------ DATA FOR THIS TASK

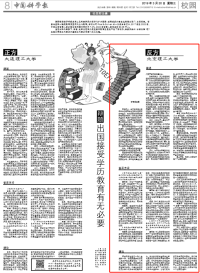 【中国科学报】辩题 出国接受学历教育有无必要
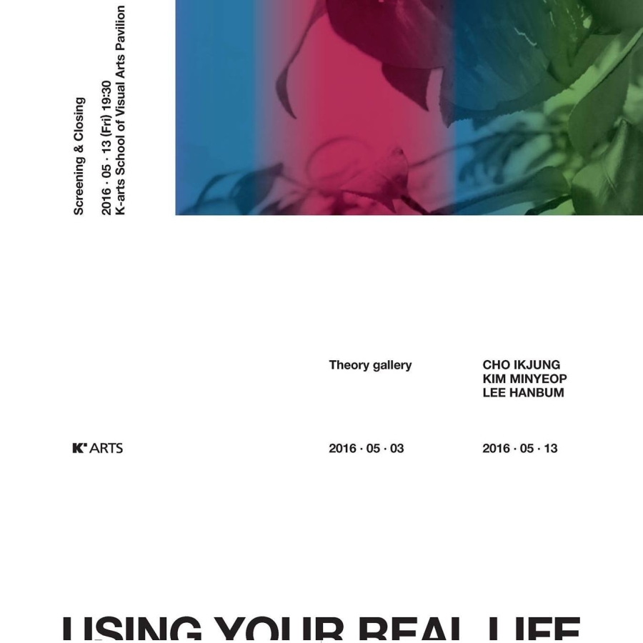 Using Your Real Life의 전시장과 책자는 독립된 것이자 상보적인 것으로 기능하도록 기획하였다. 책자가 이한범, 김민엽, 조익정의 대화였다면 전시장은 그 대화가 불특정다수에게 분산되는 공간일 것이다. 그러나 대화와 마찬가지로 전시장은 느슨하게 맥락화 된다. 이번 전시는 결과물이 아니라 과정일 뿐이기에 관람객에게 어떠한 강요도 하지 않기를 바라며, 참여자들은 단지 최소한의 질문만을 던져 놓을 것이다. 이를 어떻게 구성할 지는 결국 또 다른 삶에게 이양된다.
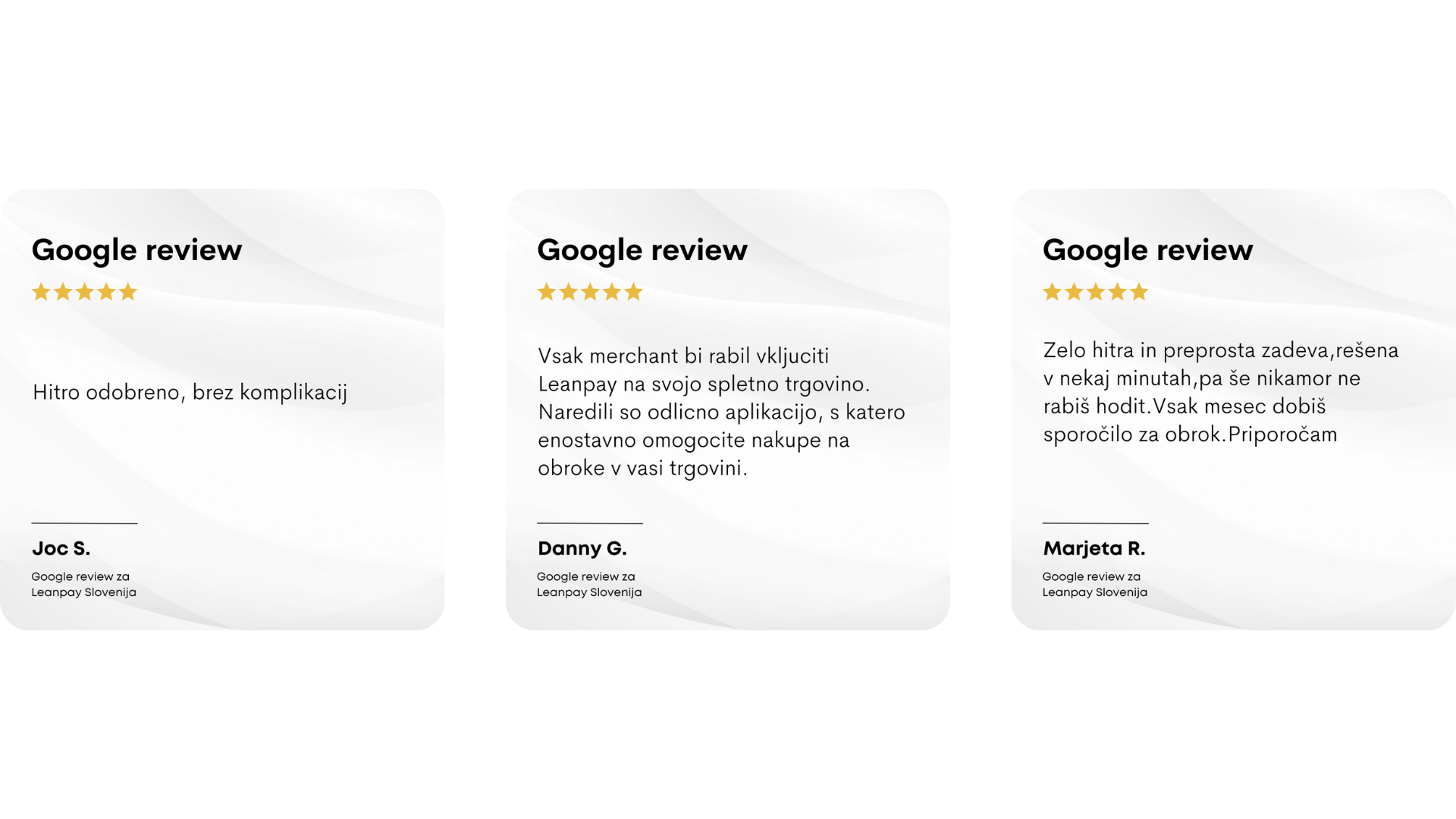 Naši uporabniki radi poudarijo, kako preprost in hiter je nakup na obroke z Leanpay. Brez nepotrebnih papirjev, brez čakanja in z možnostjo prilagajanja obrokov po svojih željah. Preveri, kaj pravijo spodaj.
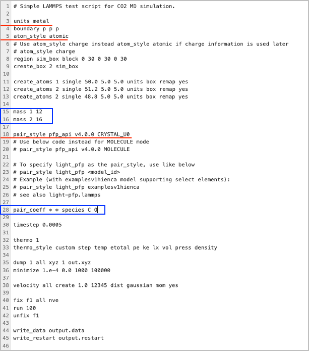 - Typically, LAMMPS requires a "data" file in addition to the "in" file. However, when using PFP, the settings for bonds, angles, dihedrals, and impropers, which are typically listed in the data file for classical force fields, are not needed. Therefore, "mass" and "pair_style" are specified in the "in"file. Of course, it is also possible to set "mass" and "pair_style" in the "data" file and execute without any issues.
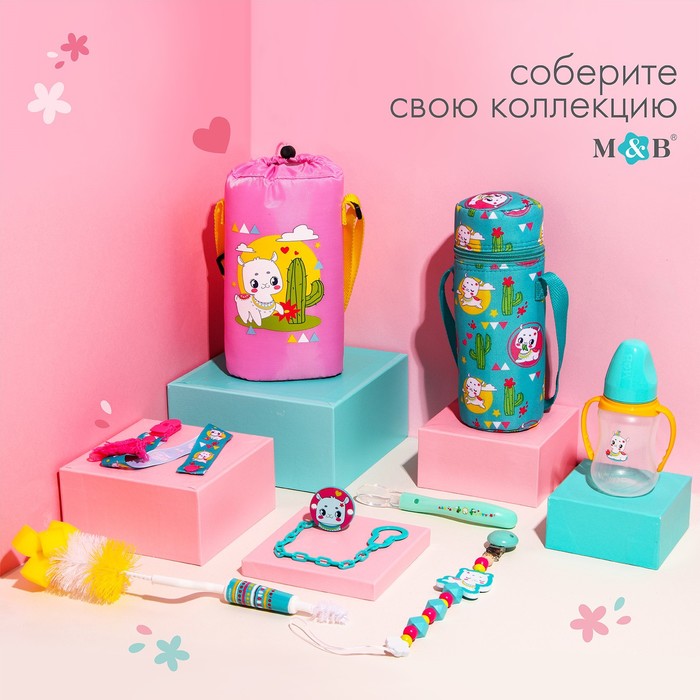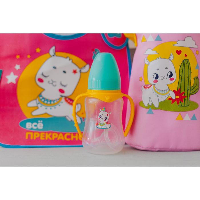 Бутылочка для кормления M&B «ТРЕНД. Лама», классическое горло, с ручками, от 0 мес., 150 мл., приталенная, бирюзовый
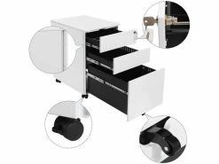 Présentation produit: Caisson de bureau à roulettes avec 3 tiroirs et classeur suspendu armoire de bureau verrouillable pour dossiers et documents corps d’armoire prémonté blanc 12_0000361 Helloshop26 12_0000361
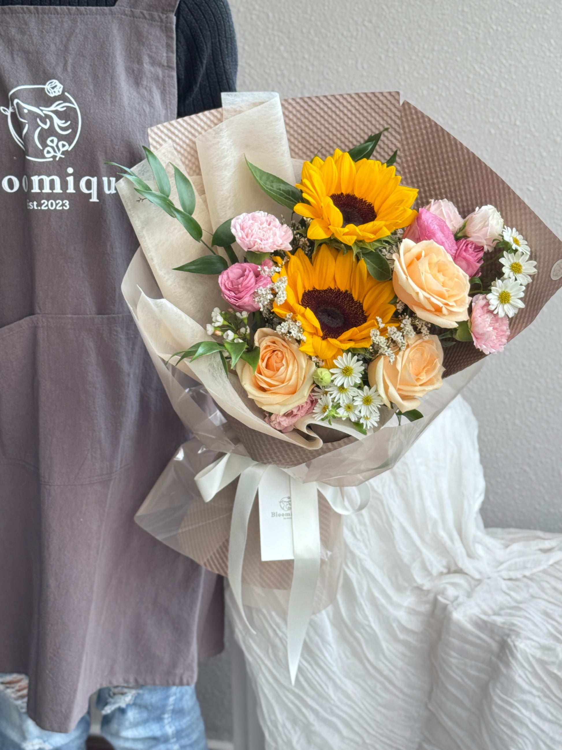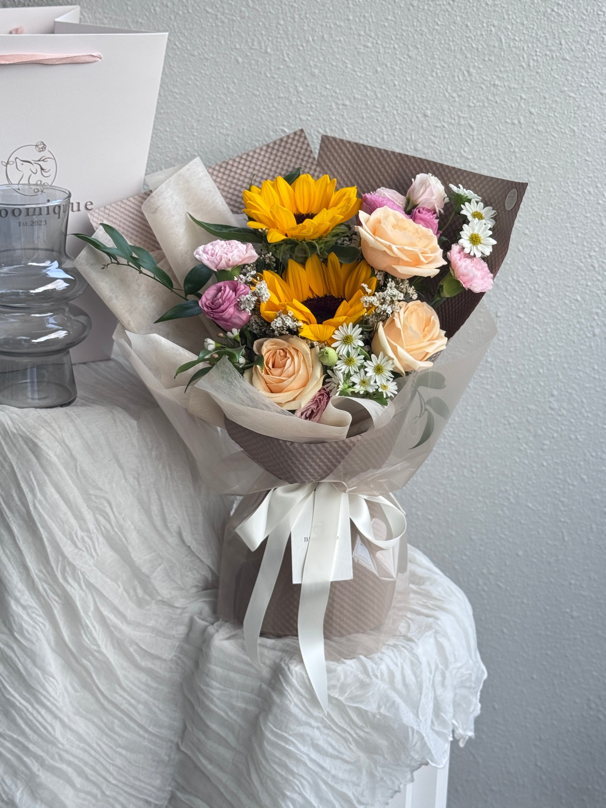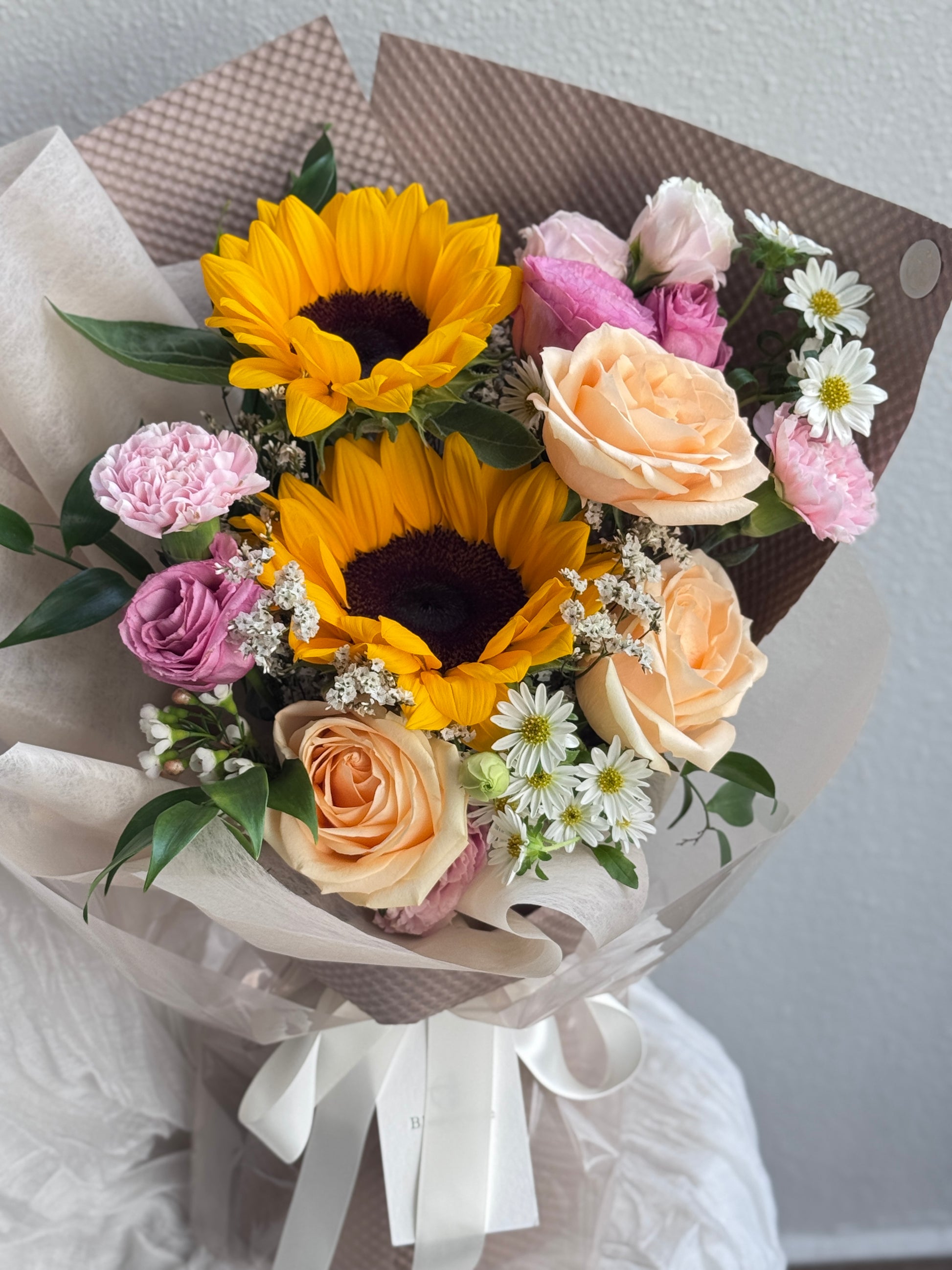 A cheerful and heartwarming bouquet featuring a radiant sunflower at its center, paired with elegant champagne roses, delicate eustoma, soft carnations, and charming daisies. Accented with filler flowers and lush greenery.
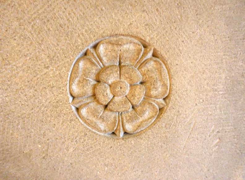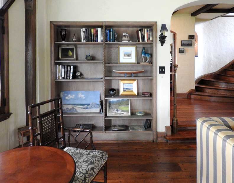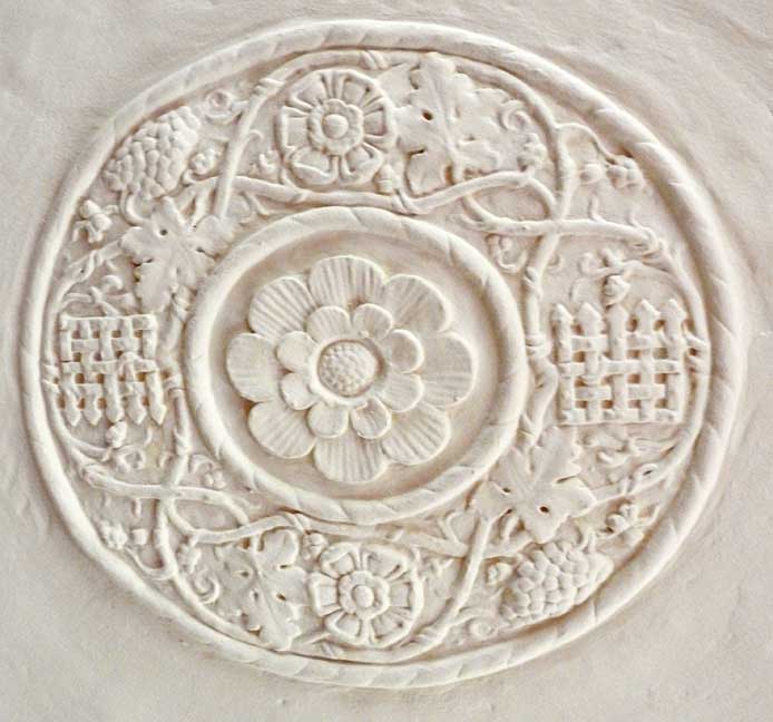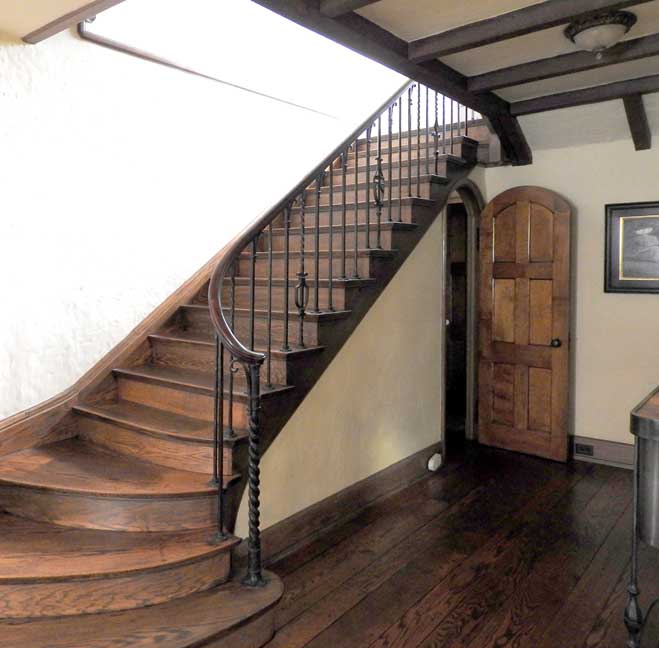 ![]() Living room ... Detail below: ![]() Stained glass Tudor rose - recurring throughout the house on limestone fireplace, stained glass, plaster relief, and carved woodwork in living room. ![]() Living room ![]() Living room ... Original oak floor with nails ![]() Living room ![]() Living room ... Ceiling plaster modillion ![]() Living room ... Note handrails ![]() Living room ... Original bookcase detail below: ![]() Rope molding ![]() Photo courtesy of Sherry Willoughby (2017 website). Grapes and grape leaves flanking center Tudor rose ... Tudor rose motif recurs throughout the house on limestone fireplace, stained glass, plaster relief, and carved woodwork in living room. ![]() Living room ... Original sconce ... "One of the original owners must have collected
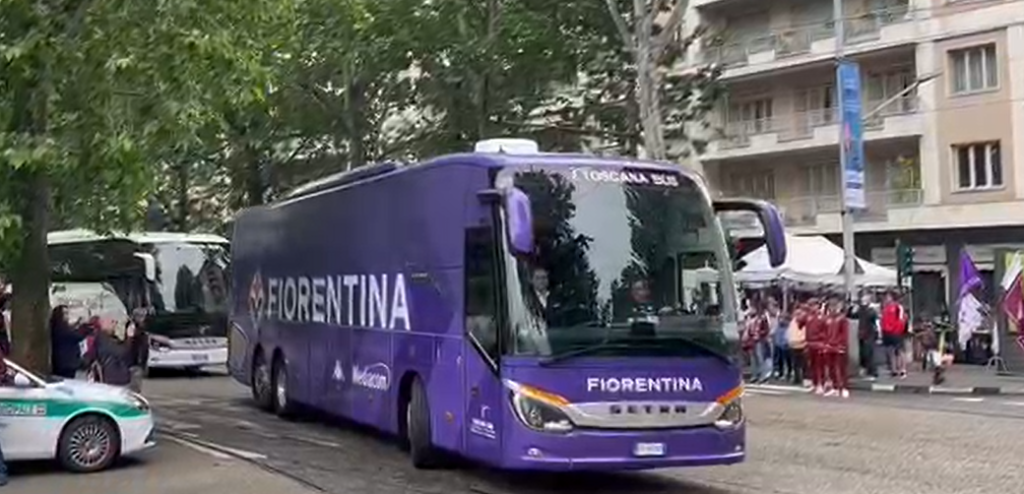 Le immagini dell'arrivo allo stadio Olimpico del pullman della Fiorentina per la partita odierna contro il Torino
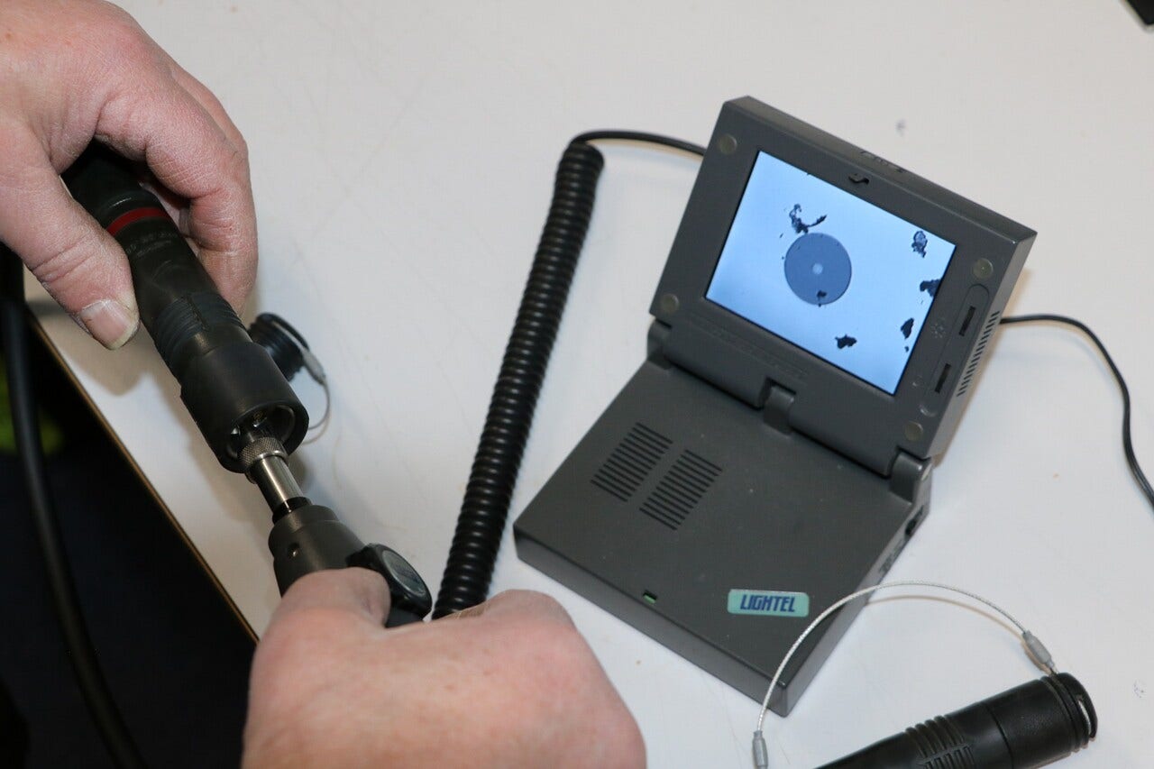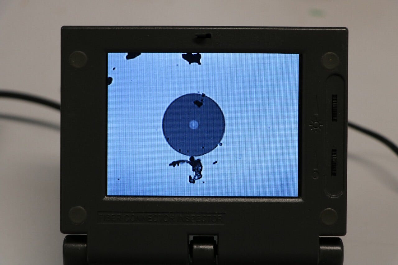Gebruik een wifi-scope om de connector en ferrule nauwkeurig te inspecteren. Met een vergroting van 400x kun je precies zien hoe vuil de glasvezel is. Met deze scope kun je 400x inzoomen en kijken hoe vies de vezel daadwerkelijk is en daarmee kan je beoordelen welke reinigingsmethode je moet gebruiken.
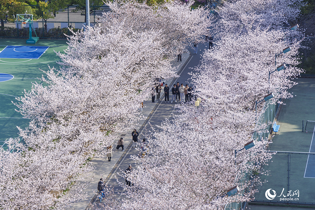 Blooming cherry blossoms become a delightful sight in the Siping Road Campus of Tongji University in east China's Shanghai, March 28, 2023. (People's Daily Online/Wang Chu)

------------

> [PROBLEM DETAILS] The entries above need to be repeated in full, word for word. Skip the images.

> [RESPONSE AREA]
 【中国科学报】辩题 出国接受学历教育有无必要
 Using Your Real Life의 전시장과 책자는 독립된 것이자 상보적인 것으로 기능하도록 기획하였다. 책자가 이한범, 김민엽, 조익정의 대화였다면 전시장은 그 대화가 불특정다수에게 분산되는 공간일 것이다. 그러나 대화와 마찬가지로 전시장은 느슨하게 맥락화 된다. 이번 전시는 결과물이 아니라 과정일 뿐이기에 관람객에게 어떠한 강요도 하지 않기를 바라며, 참여자들은 단지 최소한의 질문만을 던져 놓을 것이다. 이를 어떻게 구성할 지는 결국 또 다른 삶에게 이양된다.
 Naši uporabniki radi poudarijo, kako preprost in hiter je nakup na obroke z Leanpay. Brez nepotrebnih papirjev, brez čakanja in z možnostjo prilagajanja obrokov po svojih željah. Preveri, kaj pravijo spodaj.
 - Typically, LAMMPS requires a "data" file in addition to the "in" file. However, when using PFP, the settings for bonds, angles, dihedrals, and impropers, which are typically listed in the data file for classical force fields, are not needed. Therefore, "mass" and "pair_style" are specified in the "in"file. Of course, it is also possible to set "mass" and "pair_style" in the "data" file and execute without any issues.
 Бутылочка для кормления M&B «ТРЕНД. Лама», классическое горло, с ручками, от 0 мес., 150 мл., приталенная, бирюзовый
 Présentation produit: Caisson de bureau à roulettes avec 3 tiroirs et classeur suspendu armoire de bureau verrouillable pour dossiers et documents corps d’armoire prémonté blanc 12_0000361 Helloshop26 12_0000361
 A cheerful and heartwarming bouquet featuring a radiant sunflower at its center, paired with elegant champagne roses, delicate eustoma, soft carnations, and charming daisies. Accented with filler flowers and lush greenery.
 ![]() Living room ... Detail below: ![]() Stained glass Tudor rose - recurring throughout the house on limestone fireplace, stained glass, plaster relief, and carved woodwork in living room. ![]() Living room ![]() Living room ... Original oak floor with nails ![]() Living room ![]() Living room ... Ceiling plaster modillion ![]() Living room ... Note handrails ![]() Living room ... Original bookcase detail below: ![]() Rope molding ![]() Photo courtesy of Sherry Willoughby (2017 website). Grapes and grape leaves flanking center Tudor rose ... Tudor rose motif recurs throughout the house on limestone fireplace, stained glass, plaster relief, and carved woodwork in living room. ![]() Living room ... Original sconce ... "One of the original owners must have collected
 Le immagini dell'arrivo allo stadio Olimpico del pullman della Fiorentina per la partita odierna contro il Torino
Gebruik een wifi-scope om de connector en ferrule nauwkeurig te inspecteren. Met een vergroting van 400x kun je precies zien hoe vuil de glasvezel is. Met deze scope kun je 400x inzoomen en kijken hoe vies de vezel daadwerkelijk is en daarmee kan je beoordelen welke reinigingsmethode je moet gebruiken.
 Blooming cherry blossoms become a delightful sight in the Siping Road Campus of Tongji University in east China's Shanghai, March 28, 2023. (People's Daily Online/Wang Chu)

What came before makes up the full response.